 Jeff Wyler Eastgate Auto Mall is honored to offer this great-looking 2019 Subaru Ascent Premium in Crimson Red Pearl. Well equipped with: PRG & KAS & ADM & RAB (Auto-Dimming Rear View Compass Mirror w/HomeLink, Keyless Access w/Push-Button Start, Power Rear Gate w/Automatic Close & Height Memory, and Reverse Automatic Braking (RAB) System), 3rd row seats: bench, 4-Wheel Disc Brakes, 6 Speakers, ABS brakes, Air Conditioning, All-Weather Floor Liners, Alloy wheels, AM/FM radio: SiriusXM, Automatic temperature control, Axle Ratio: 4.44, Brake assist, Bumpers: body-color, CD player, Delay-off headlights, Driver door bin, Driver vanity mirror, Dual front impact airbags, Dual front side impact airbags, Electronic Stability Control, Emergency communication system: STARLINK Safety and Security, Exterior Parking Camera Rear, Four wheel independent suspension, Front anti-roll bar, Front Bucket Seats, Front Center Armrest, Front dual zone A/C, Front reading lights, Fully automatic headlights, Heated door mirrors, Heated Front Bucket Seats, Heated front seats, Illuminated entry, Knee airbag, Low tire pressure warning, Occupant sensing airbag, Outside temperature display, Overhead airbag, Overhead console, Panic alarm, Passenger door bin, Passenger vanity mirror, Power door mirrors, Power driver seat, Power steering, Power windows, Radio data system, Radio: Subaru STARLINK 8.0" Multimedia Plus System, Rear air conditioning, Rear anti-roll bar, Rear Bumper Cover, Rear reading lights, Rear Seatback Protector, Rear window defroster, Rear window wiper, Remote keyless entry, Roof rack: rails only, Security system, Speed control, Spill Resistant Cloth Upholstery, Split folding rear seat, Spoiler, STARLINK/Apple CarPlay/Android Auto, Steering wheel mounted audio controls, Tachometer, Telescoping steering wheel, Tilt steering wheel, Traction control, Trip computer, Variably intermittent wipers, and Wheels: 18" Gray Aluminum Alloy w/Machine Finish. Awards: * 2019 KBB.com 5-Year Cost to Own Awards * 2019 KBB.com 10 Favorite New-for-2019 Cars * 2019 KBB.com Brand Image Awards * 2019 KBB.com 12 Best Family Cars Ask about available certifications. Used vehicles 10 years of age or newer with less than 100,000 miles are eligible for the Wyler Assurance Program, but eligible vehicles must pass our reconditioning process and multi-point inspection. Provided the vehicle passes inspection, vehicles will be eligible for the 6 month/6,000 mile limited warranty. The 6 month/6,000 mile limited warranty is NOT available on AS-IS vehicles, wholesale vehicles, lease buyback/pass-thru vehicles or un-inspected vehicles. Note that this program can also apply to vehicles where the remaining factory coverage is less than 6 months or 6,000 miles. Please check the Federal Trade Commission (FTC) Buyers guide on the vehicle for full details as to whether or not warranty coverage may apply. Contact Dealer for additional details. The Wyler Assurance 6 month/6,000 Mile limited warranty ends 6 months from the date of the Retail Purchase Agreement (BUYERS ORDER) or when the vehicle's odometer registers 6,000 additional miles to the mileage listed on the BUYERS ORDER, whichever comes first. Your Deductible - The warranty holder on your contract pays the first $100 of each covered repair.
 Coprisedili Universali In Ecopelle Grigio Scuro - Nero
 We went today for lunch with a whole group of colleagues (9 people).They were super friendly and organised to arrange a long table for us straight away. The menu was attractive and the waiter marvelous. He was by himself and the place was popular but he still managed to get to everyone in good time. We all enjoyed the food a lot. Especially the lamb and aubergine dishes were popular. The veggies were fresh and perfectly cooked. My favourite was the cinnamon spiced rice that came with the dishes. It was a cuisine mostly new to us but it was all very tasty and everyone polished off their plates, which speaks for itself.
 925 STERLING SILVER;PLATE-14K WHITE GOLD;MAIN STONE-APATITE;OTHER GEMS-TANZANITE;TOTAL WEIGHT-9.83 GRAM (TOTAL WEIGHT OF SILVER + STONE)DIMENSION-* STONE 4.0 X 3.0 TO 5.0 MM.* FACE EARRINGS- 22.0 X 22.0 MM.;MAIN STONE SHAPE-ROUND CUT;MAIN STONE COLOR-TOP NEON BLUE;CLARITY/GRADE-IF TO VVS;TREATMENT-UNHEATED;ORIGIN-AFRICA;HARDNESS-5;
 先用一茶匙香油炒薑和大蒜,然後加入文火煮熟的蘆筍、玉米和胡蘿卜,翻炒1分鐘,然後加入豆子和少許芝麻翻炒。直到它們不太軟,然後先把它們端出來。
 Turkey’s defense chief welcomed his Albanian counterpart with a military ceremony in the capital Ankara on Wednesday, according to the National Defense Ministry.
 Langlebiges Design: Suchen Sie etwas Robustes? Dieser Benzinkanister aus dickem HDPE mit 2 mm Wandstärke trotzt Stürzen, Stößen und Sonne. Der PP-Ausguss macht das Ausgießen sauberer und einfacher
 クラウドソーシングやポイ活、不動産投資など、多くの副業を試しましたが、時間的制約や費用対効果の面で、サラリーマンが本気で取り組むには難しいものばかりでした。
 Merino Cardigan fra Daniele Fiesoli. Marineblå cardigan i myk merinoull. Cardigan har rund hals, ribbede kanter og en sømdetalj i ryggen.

################

WORK ORDER:
Would you write out the data exactly as it reads?

WRITTEN SOLUTION:
 Jeff Wyler Eastgate Auto Mall is honored to offer this great-looking 2019 Subaru Ascent Premium in Crimson Red Pearl. Well equipped with: PRG & KAS & ADM & RAB (Auto-Dimming Rear View Compass Mirror w/HomeLink, Keyless Access w/Push-Button Start, Power Rear Gate w/Automatic Close & Height Memory, and Reverse Automatic Braking (RAB) System), 3rd row seats: bench, 4-Wheel Disc Brakes, 6 Speakers, ABS brakes, Air Conditioning, All-Weather Floor Liners, Alloy wheels, AM/FM radio: SiriusXM, Automatic temperature control, Axle Ratio: 4.44, Brake assist, Bumpers: body-color, CD player, Delay-off headlights, Driver door bin, Driver vanity mirror, Dual front impact airbags, Dual front side impact airbags, Electronic Stability Control, Emergency communication system: STARLINK Safety and Security, Exterior Parking Camera Rear, Four wheel independent suspension, Front anti-roll bar, Front Bucket Seats, Front Center Armrest, Front dual zone A/C, Front reading lights, Fully automatic headlights, Heated door mirrors, Heated Front Bucket Seats, Heated front seats, Illuminated entry, Knee airbag, Low tire pressure warning, Occupant sensing airbag, Outside temperature display, Overhead airbag, Overhead console, Panic alarm, Passenger door bin, Passenger vanity mirror, Power door mirrors, Power driver seat, Power steering, Power windows, Radio data system, Radio: Subaru STARLINK 8.0" Multimedia Plus System, Rear air conditioning, Rear anti-roll bar, Rear Bumper Cover, Rear reading lights, Rear Seatback Protector, Rear window defroster, Rear window wiper, Remote keyless entry, Roof rack: rails only, Security system, Speed control, Spill Resistant Cloth Upholstery, Split folding rear seat, Spoiler, STARLINK/Apple CarPlay/Android Auto, Steering wheel mounted audio controls, Tachometer, Telescoping steering wheel, Tilt steering wheel, Traction control, Trip computer, Variably intermittent wipers, and Wheels: 18" Gray Aluminum Alloy w/Machine Finish. Awards: * 2019 KBB.com 5-Year Cost to Own Awards * 2019 KBB.com 10 Favorite New-for-2019 Cars * 2019 KBB.com Brand Image Awards * 2019 KBB.com 12 Best Family Cars Ask about available certifications. Used vehicles 10 years of age or newer with less than 100,000 miles are eligible for the Wyler Assurance Program, but eligible vehicles must pass our reconditioning process and multi-point inspection. Provided the vehicle passes inspection, vehicles will be eligible for the 6 month/6,000 mile limited warranty. The 6 month/6,000 mile limited warranty is NOT available on AS-IS vehicles, wholesale vehicles, lease buyback/pass-thru vehicles or un-inspected vehicles. Note that this program can also apply to vehicles where the remaining factory coverage is less than 6 months or 6,000 miles. Please check the Federal Trade Commission (FTC) Buyers guide on the vehicle for full details as to whether or not warranty coverage may apply. Contact Dealer for additional details. The Wyler Assurance 6 month/6,000 Mile limited warranty ends 6 months from the date of the Retail Purchase Agreement (BUYERS ORDER) or when the vehicle's odometer registers 6,000 additional miles to the mileage listed on the BUYERS ORDER, whichever comes first. Your Deductible - The warranty holder on your contract pays the first $100 of each covered repair.
 Coprisedili Universali In Ecopelle Grigio Scuro - Nero
 We went today for lunch with a whole group of colleagues (9 people).They were super friendly and organised to arrange a long table for us straight away. The menu was attractive and the waiter marvelous. He was by himself and the place was popular but he still managed to get to everyone in good time. We all enjoyed the food a lot. Especially the lamb and aubergine dishes were popular. The veggies were fresh and perfectly cooked. My favourite was the cinnamon spiced rice that came with the dishes. It was a cuisine mostly new to us but it was all very tasty and everyone polished off their plates, which speaks for itself.
 925 STERLING SILVER;PLATE-14K WHITE GOLD;MAIN STONE-APATITE;OTHER GEMS-TANZANITE;TOTAL WEIGHT-9.83 GRAM (TOTAL WEIGHT OF SILVER + STONE)DIMENSION-* STONE 4.0 X 3.0 TO 5.0 MM.* FACE EARRINGS- 22.0 X 22.0 MM.;MAIN STONE SHAPE-ROUND CUT;MAIN STONE COLOR-TOP NEON BLUE;CLARITY/GRADE-IF TO VVS;TREATMENT-UNHEATED;ORIGIN-AFRICA;HARDNESS-5;
 先用一茶匙香油炒薑和大蒜,然後加入文火煮熟的蘆筍、玉米和胡蘿卜,翻炒1分鐘,然後加入豆子和少許芝麻翻炒。直到它們不太軟,然後先把它們端出來。
 Turkey’s defense chief welcomed his Albanian counterpart with a military ceremony in the capital Ankara on Wednesday, according to the National Defense Ministry.
 Langlebiges Design: Suchen Sie etwas Robustes? Dieser Benzinkanister aus dickem HDPE mit 2 mm Wandstärke trotzt Stürzen, Stößen und Sonne. Der PP-Ausguss macht das Ausgießen sauberer und einfacher
 クラウドソーシングやポイ活、不動産投資など、多くの副業を試しましたが、時間的制約や費用対効果の面で、サラリーマンが本気で取り組むには難しいものばかりでした。
 Merino Cardigan fra Daniele Fiesoli. Marineblå cardigan i myk merinoull. Cardigan har rund hals, ribbede kanter og en sømdetalj i ryggen.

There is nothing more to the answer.